━━ Data below ━━
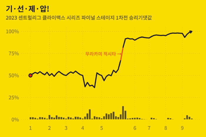 요컨대 1차전은 9번 타자, 2차전은 8번 타자, 3차전은 7번 타자가 결승타를 남긴 것.
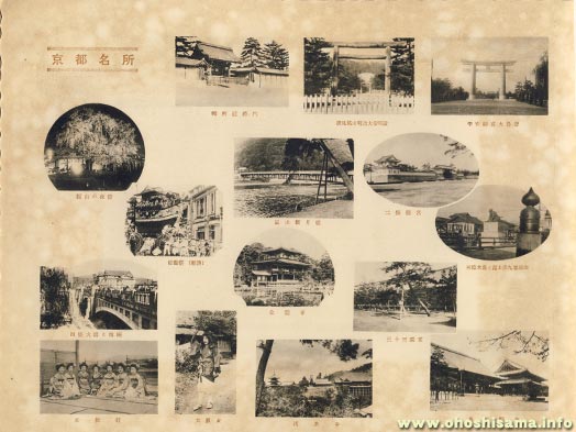 表紙には、《京都観光 京都名所遊覧乗合自動車株式会社 寫眞部》の印と、乗合自動車の刻印がなされています。 中には鳥居の前での記念写真が貼ってありますが、鳥居は《○国大明神》とも読めます。 内側には京都名所や舞妓さんなどの写真が並んでいますが、写真に写っているお茶の師匠さんやお弟子さんたちで、比叡山や京都見物をしていたのでしょうか?
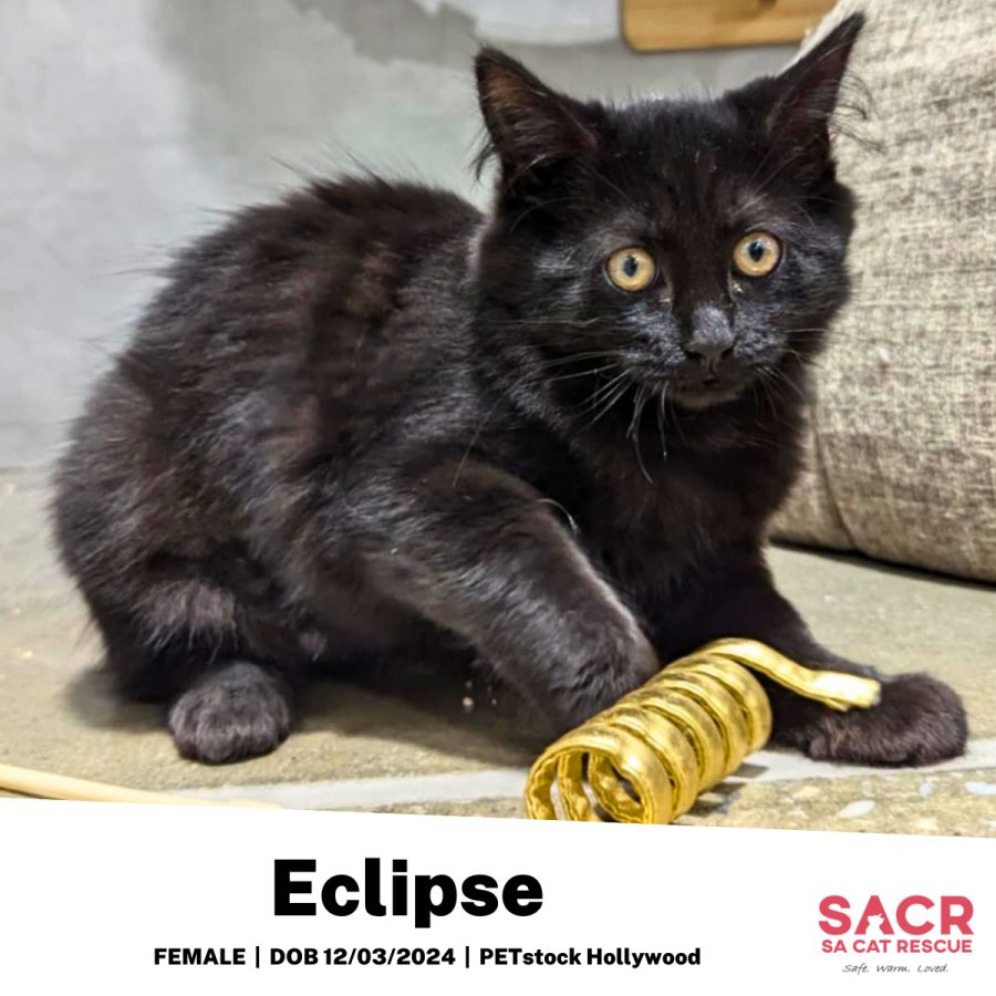 Eclipse's adoption fee is $180 which includes desexing, microchipping, parasite prevention, and initial F3 vaccination.
━━━
* [What is being asked] When you copy the data above, reproduce each line exactly and skip every image.

* [Expected answer]
 요컨대 1차전은 9번 타자, 2차전은 8번 타자, 3차전은 7번 타자가 결승타를 남긴 것.
 表紙には、《京都観光 京都名所遊覧乗合自動車株式会社 寫眞部》の印と、乗合自動車の刻印がなされています。 中には鳥居の前での記念写真が貼ってありますが、鳥居は《○国大明神》とも読めます。 内側には京都名所や舞妓さんなどの写真が並んでいますが、写真に写っているお茶の師匠さんやお弟子さんたちで、比叡山や京都見物をしていたのでしょうか?
 Eclipse's adoption fee is $180 which includes desexing, microchipping, parasite prevention, and initial F3 vaccination.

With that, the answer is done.